── INPUT DATA
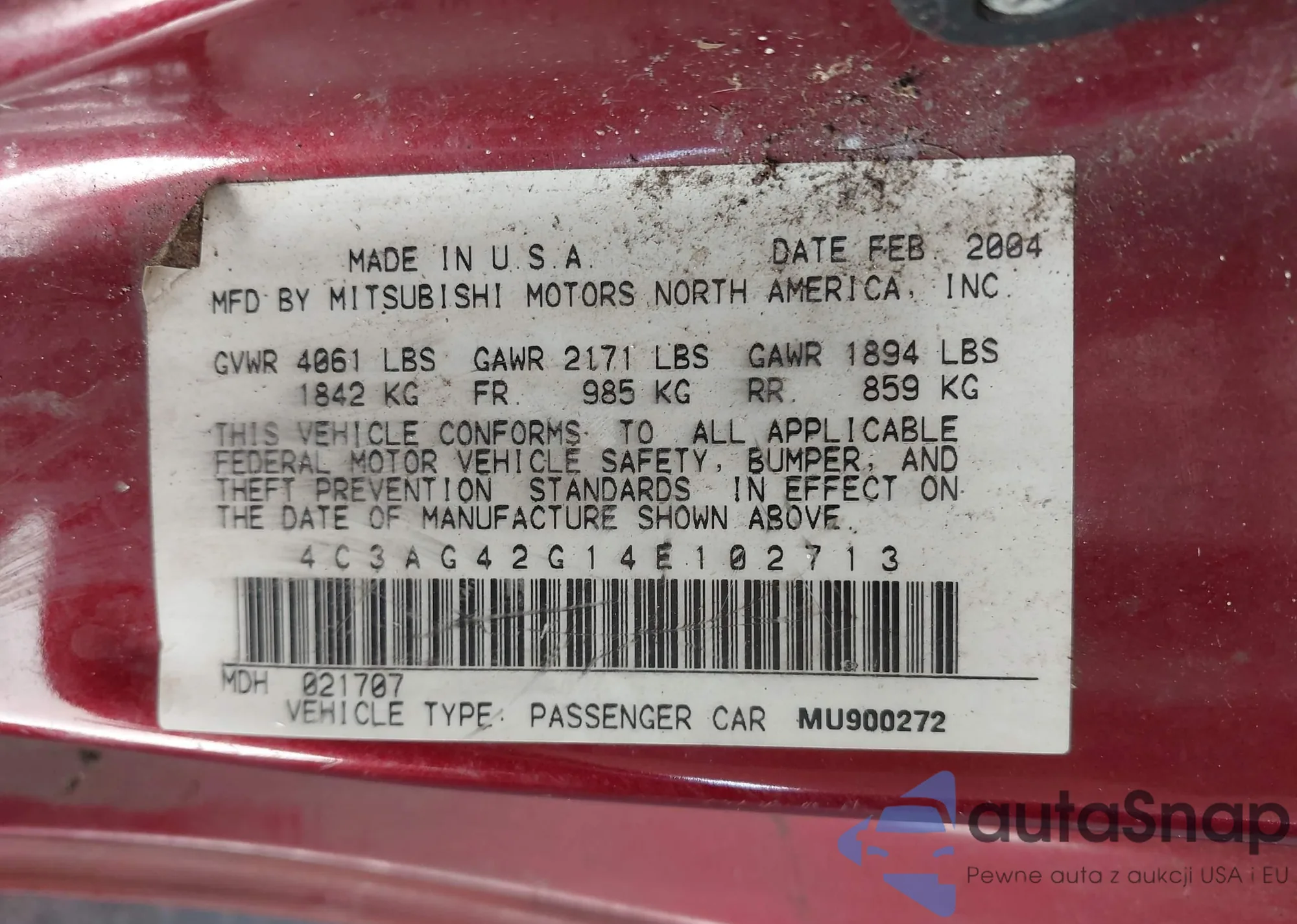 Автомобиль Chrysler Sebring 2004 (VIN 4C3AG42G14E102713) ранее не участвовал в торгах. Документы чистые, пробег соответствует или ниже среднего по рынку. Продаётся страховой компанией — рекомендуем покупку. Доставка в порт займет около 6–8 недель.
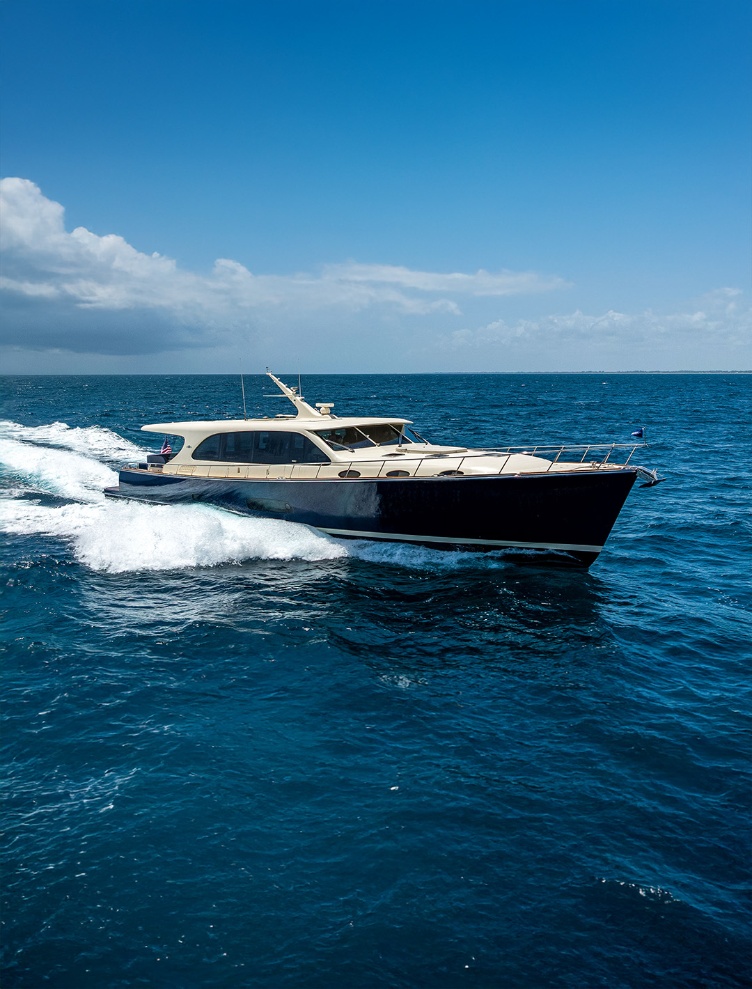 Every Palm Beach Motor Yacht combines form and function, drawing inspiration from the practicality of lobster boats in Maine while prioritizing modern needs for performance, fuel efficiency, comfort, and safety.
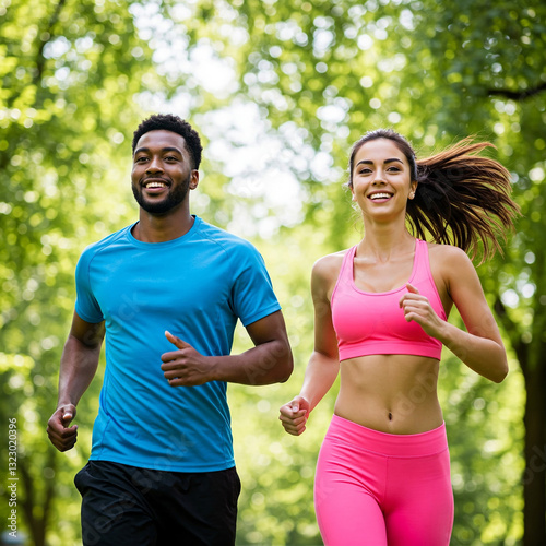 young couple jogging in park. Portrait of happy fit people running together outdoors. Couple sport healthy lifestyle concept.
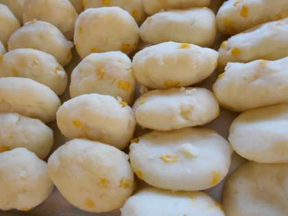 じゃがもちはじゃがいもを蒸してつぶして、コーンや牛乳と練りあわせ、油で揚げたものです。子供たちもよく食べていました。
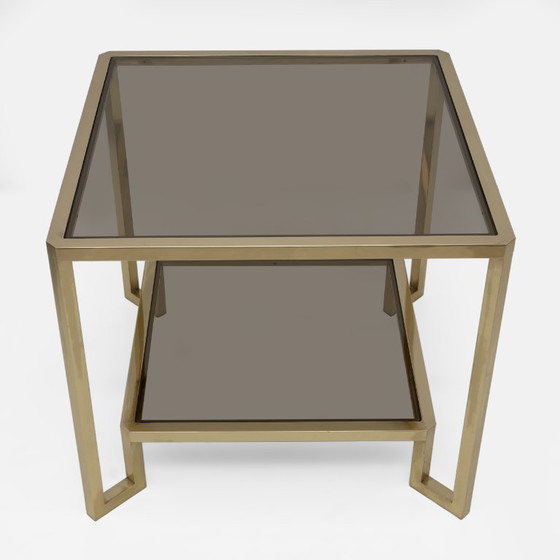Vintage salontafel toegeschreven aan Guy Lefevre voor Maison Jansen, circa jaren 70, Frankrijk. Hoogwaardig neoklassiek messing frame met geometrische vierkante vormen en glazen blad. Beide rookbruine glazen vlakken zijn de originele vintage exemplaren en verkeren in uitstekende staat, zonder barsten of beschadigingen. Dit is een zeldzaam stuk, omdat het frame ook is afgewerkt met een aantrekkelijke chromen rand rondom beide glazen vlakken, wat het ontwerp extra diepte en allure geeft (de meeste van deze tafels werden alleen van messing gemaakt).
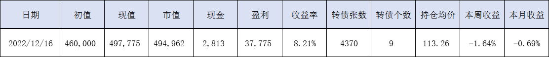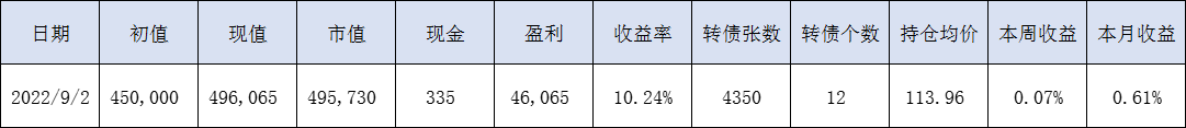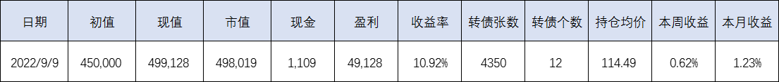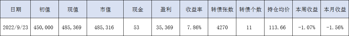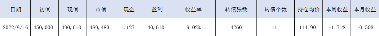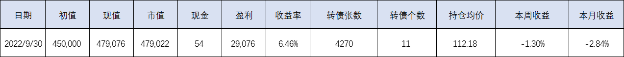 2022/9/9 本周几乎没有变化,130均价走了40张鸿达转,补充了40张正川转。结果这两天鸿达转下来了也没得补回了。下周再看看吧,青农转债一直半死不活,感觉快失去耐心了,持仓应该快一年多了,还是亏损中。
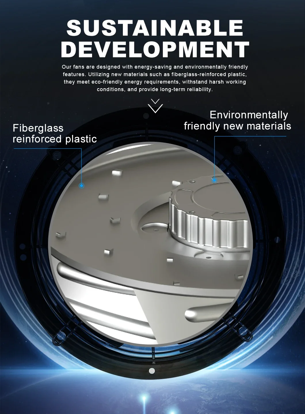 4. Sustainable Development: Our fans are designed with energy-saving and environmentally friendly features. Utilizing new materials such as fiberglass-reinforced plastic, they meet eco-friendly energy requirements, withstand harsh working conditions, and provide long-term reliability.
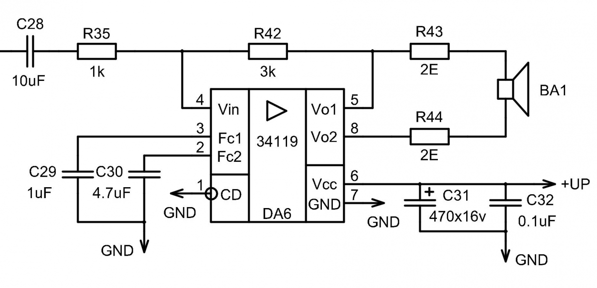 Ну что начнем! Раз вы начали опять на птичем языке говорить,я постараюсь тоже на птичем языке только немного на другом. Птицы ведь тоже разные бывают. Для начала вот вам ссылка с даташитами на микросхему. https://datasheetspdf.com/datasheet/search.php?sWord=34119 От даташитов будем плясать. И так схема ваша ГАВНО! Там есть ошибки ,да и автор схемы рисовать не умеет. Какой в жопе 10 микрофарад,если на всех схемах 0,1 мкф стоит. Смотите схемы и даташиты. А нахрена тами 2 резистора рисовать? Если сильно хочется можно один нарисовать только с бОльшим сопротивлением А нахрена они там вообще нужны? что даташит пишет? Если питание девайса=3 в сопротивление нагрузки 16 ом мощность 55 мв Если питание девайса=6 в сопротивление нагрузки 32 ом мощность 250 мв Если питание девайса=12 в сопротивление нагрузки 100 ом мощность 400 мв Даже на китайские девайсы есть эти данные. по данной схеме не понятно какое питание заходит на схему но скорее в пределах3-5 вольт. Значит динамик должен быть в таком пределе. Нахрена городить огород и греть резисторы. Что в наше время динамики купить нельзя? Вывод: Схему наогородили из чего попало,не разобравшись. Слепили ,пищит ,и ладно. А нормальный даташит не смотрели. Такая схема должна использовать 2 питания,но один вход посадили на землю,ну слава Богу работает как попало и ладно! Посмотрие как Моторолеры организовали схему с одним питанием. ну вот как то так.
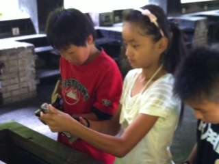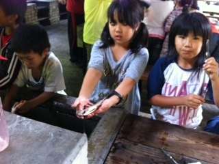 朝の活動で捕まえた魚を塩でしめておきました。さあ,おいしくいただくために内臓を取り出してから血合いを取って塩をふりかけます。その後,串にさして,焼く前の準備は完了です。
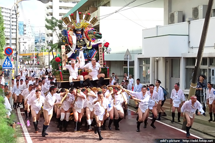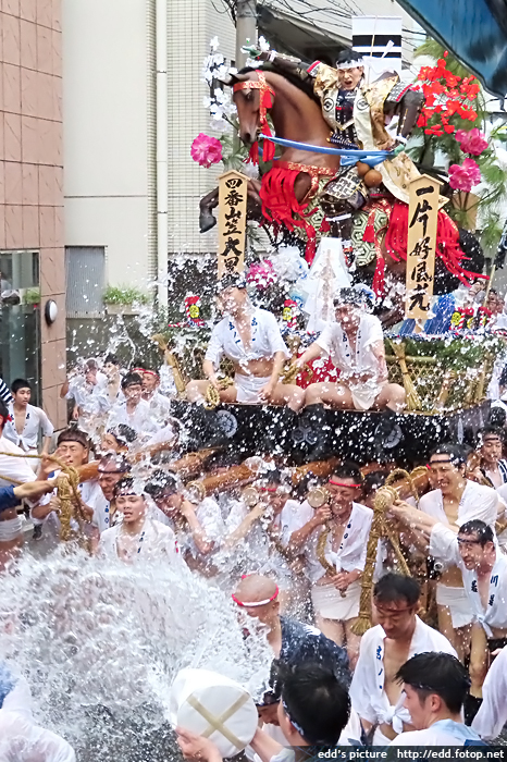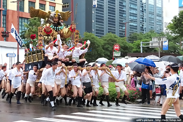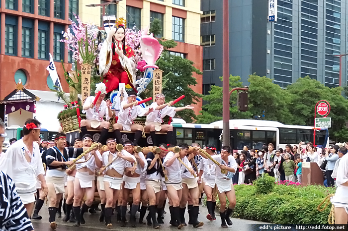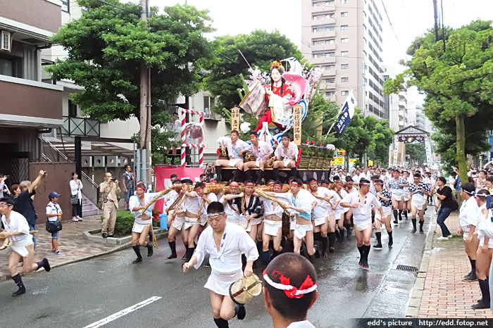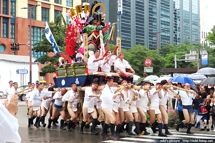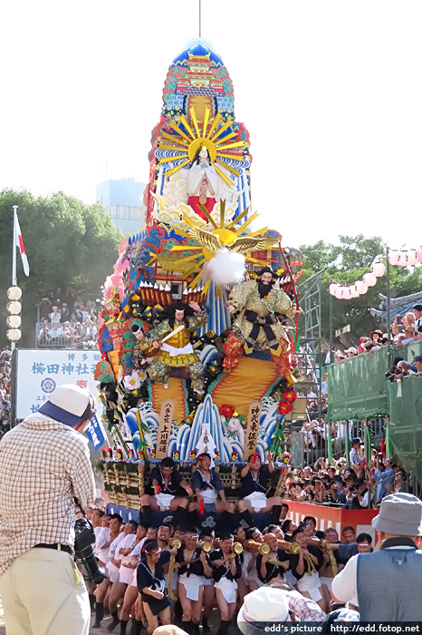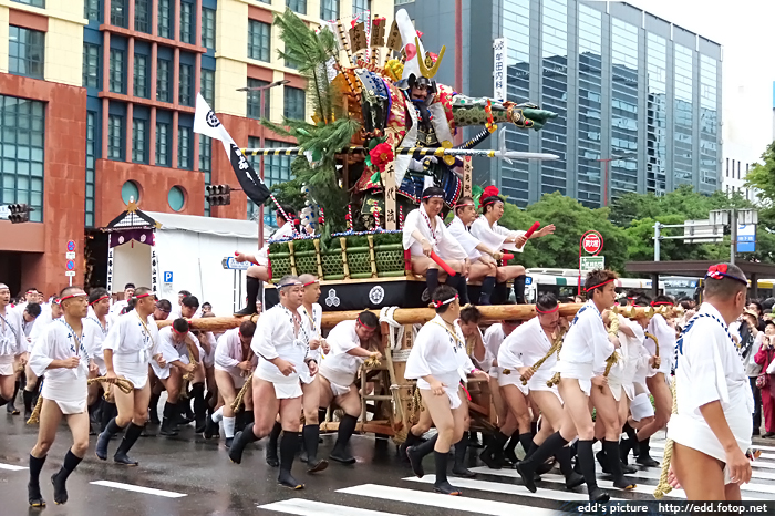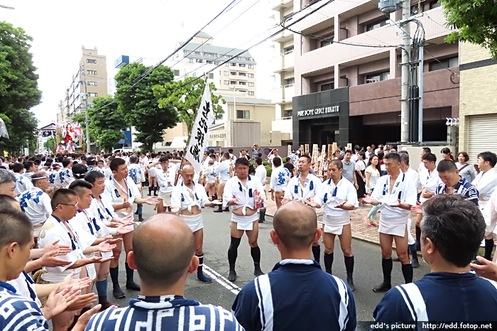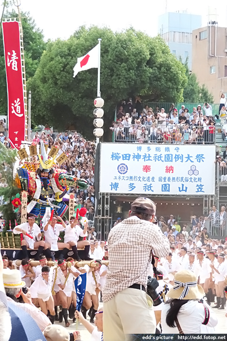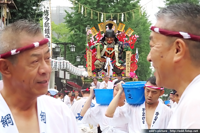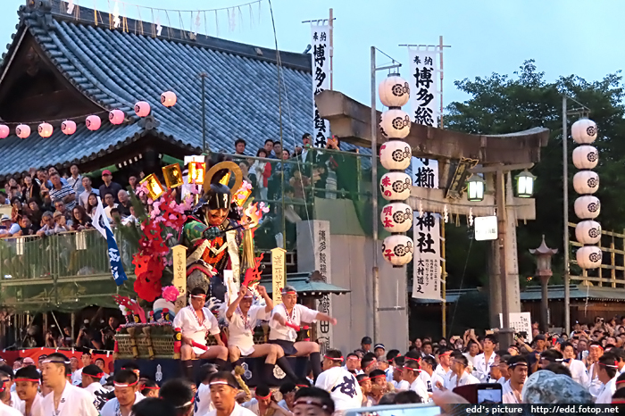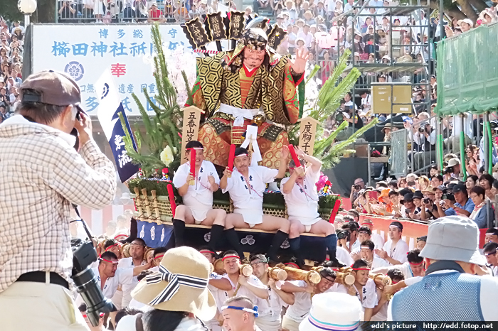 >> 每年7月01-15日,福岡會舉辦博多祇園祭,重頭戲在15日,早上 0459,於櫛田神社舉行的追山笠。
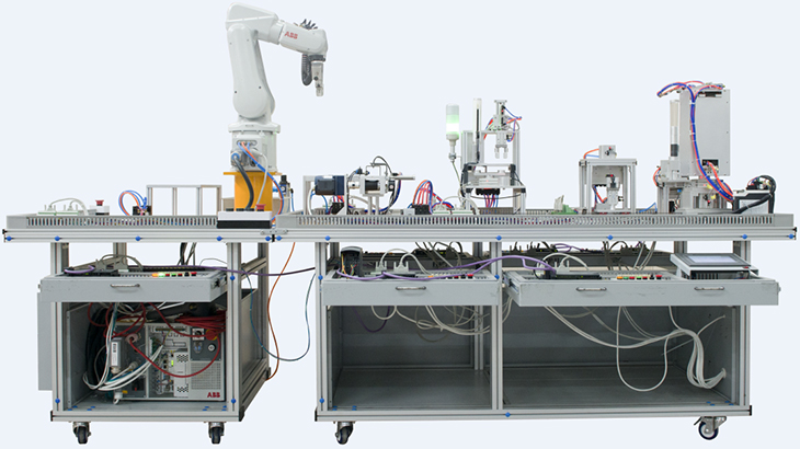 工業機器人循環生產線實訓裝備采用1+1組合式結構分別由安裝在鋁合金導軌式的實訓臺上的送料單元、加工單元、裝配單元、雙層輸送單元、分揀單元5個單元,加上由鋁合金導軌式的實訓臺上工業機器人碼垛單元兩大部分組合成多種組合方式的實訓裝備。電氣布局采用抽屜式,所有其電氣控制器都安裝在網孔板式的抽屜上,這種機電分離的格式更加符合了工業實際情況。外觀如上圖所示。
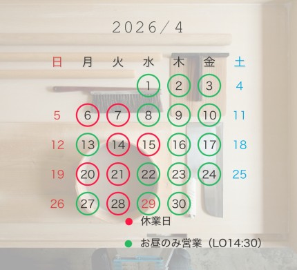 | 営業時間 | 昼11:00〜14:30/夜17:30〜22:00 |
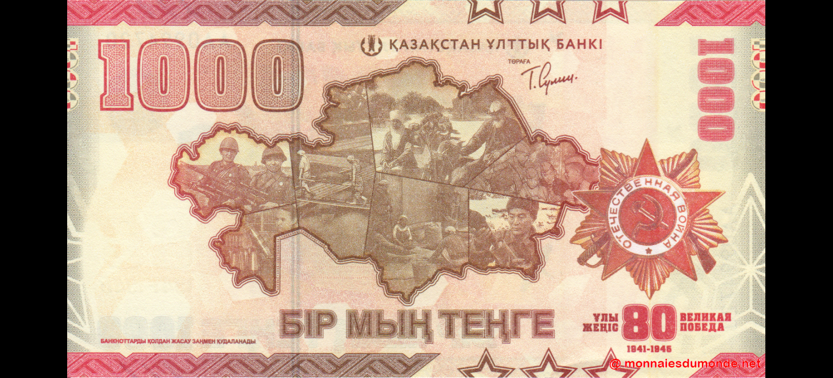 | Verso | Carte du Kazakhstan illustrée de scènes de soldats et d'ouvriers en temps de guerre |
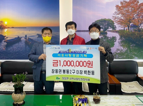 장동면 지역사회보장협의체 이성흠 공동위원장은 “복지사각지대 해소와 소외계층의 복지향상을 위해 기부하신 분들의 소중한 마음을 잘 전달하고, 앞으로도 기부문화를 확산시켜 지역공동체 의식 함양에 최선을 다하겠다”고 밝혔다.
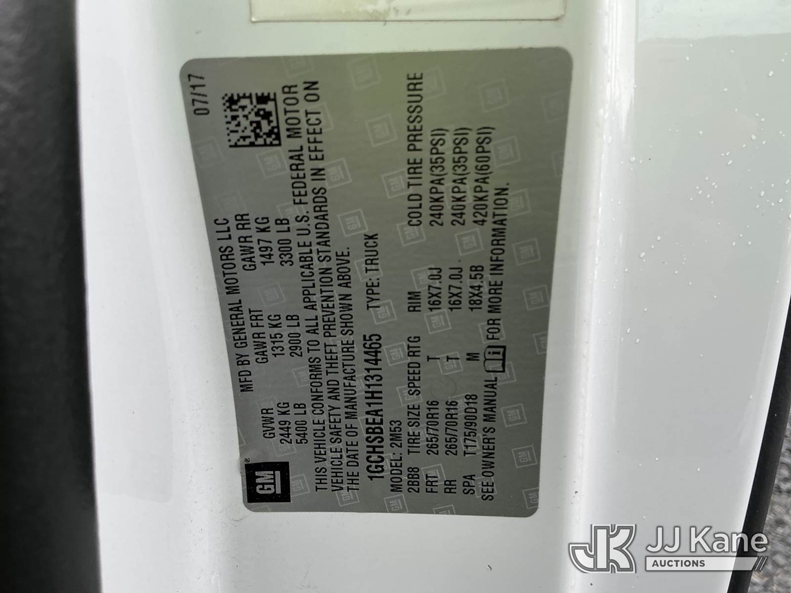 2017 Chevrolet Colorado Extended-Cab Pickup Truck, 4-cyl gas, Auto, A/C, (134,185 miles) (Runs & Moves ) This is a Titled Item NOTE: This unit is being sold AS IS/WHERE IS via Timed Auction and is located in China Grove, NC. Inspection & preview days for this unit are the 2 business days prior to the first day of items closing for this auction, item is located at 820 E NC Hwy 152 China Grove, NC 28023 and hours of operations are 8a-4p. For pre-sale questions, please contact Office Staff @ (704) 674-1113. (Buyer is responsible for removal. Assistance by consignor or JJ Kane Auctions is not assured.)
────
◆ **PROMPT**: Every record must be copied exactly, with the pictures left out.

◆ **SOLUTION FOR THIS EXERCISE**:
 Автомобиль Chrysler Sebring 2004 (VIN 4C3AG42G14E102713) ранее не участвовал в торгах. Документы чистые, пробег соответствует или ниже среднего по рынку. Продаётся страховой компанией — рекомендуем покупку. Доставка в порт займет около 6–8 недель.
 Every Palm Beach Motor Yacht combines form and function, drawing inspiration from the practicality of lobster boats in Maine while prioritizing modern needs for performance, fuel efficiency, comfort, and safety.
 young couple jogging in park. Portrait of happy fit people running together outdoors. Couple sport healthy lifestyle concept.
 じゃがもちはじゃがいもを蒸してつぶして、コーンや牛乳と練りあわせ、油で揚げたものです。子供たちもよく食べていました。
Vintage salontafel toegeschreven aan Guy Lefevre voor Maison Jansen, circa jaren 70, Frankrijk. Hoogwaardig neoklassiek messing frame met geometrische vierkante vormen en glazen blad. Beide rookbruine glazen vlakken zijn de originele vintage exemplaren en verkeren in uitstekende staat, zonder barsten of beschadigingen. Dit is een zeldzaam stuk, omdat het frame ook is afgewerkt met een aantrekkelijke chromen rand rondom beide glazen vlakken, wat het ontwerp extra diepte en allure geeft (de meeste van deze tafels werden alleen van messing gemaakt).
 2022/9/9 本周几乎没有变化,130均价走了40张鸿达转,补充了40张正川转。结果这两天鸿达转下来了也没得补回了。下周再看看吧,青农转债一直半死不活,感觉快失去耐心了,持仓应该快一年多了,还是亏损中。
 4. Sustainable Development: Our fans are designed with energy-saving and environmentally friendly features. Utilizing new materials such as fiberglass-reinforced plastic, they meet eco-friendly energy requirements, withstand harsh working conditions, and provide long-term reliability.
 Ну что начнем! Раз вы начали опять на птичем языке говорить,я постараюсь тоже на птичем языке только немного на другом. Птицы ведь тоже разные бывают. Для начала вот вам ссылка с даташитами на микросхему. https://datasheetspdf.com/datasheet/search.php?sWord=34119 От даташитов будем плясать. И так схема ваша ГАВНО! Там есть ошибки ,да и автор схемы рисовать не умеет. Какой в жопе 10 микрофарад,если на всех схемах 0,1 мкф стоит. Смотите схемы и даташиты. А нахрена тами 2 резистора рисовать? Если сильно хочется можно один нарисовать только с бОльшим сопротивлением А нахрена они там вообще нужны? что даташит пишет? Если питание девайса=3 в сопротивление нагрузки 16 ом мощность 55 мв Если питание девайса=6 в сопротивление нагрузки 32 ом мощность 250 мв Если питание девайса=12 в сопротивление нагрузки 100 ом мощность 400 мв Даже на китайские девайсы есть эти данные. по данной схеме не понятно какое питание заходит на схему но скорее в пределах3-5 вольт. Значит динамик должен быть в таком пределе. Нахрена городить огород и греть резисторы. Что в наше время динамики купить нельзя? Вывод: Схему наогородили из чего попало,не разобравшись. Слепили ,пищит ,и ладно. А нормальный даташит не смотрели. Такая схема должна использовать 2 питания,но один вход посадили на землю,ну слава Богу работает как попало и ладно! Посмотрие как Моторолеры организовали схему с одним питанием. ну вот как то так.
 朝の活動で捕まえた魚を塩でしめておきました。さあ,おいしくいただくために内臓を取り出してから血合いを取って塩をふりかけます。その後,串にさして,焼く前の準備は完了です。
 >> 每年7月01-15日,福岡會舉辦博多祇園祭,重頭戲在15日,早上 0459,於櫛田神社舉行的追山笠。
 工業機器人循環生產線實訓裝備采用1+1組合式結構分別由安裝在鋁合金導軌式的實訓臺上的送料單元、加工單元、裝配單元、雙層輸送單元、分揀單元5個單元,加上由鋁合金導軌式的實訓臺上工業機器人碼垛單元兩大部分組合成多種組合方式的實訓裝備。電氣布局采用抽屜式,所有其電氣控制器都安裝在網孔板式的抽屜上,這種機電分離的格式更加符合了工業實際情況。外觀如上圖所示。
 | 営業時間 | 昼11:00〜14:30/夜17:30〜22:00 |
 | Verso | Carte du Kazakhstan illustrée de scènes de soldats et d'ouvriers en temps de guerre |
 장동면 지역사회보장협의체 이성흠 공동위원장은 “복지사각지대 해소와 소외계층의 복지향상을 위해 기부하신 분들의 소중한 마음을 잘 전달하고, 앞으로도 기부문화를 확산시켜 지역공동체 의식 함양에 최선을 다하겠다”고 밝혔다.
 2017 Chevrolet Colorado Extended-Cab Pickup Truck, 4-cyl gas, Auto, A/C, (134,185 miles) (Runs & Moves ) This is a Titled Item NOTE: This unit is being sold AS IS/WHERE IS via Timed Auction and is located in China Grove, NC. Inspection & preview days for this unit are the 2 business days prior to the first day of items closing for this auction, item is located at 820 E NC Hwy 152 China Grove, NC 28023 and hours of operations are 8a-4p. For pre-sale questions, please contact Office Staff @ (704) 674-1113. (Buyer is responsible for removal. Assistance by consignor or JJ Kane Auctions is not assured.)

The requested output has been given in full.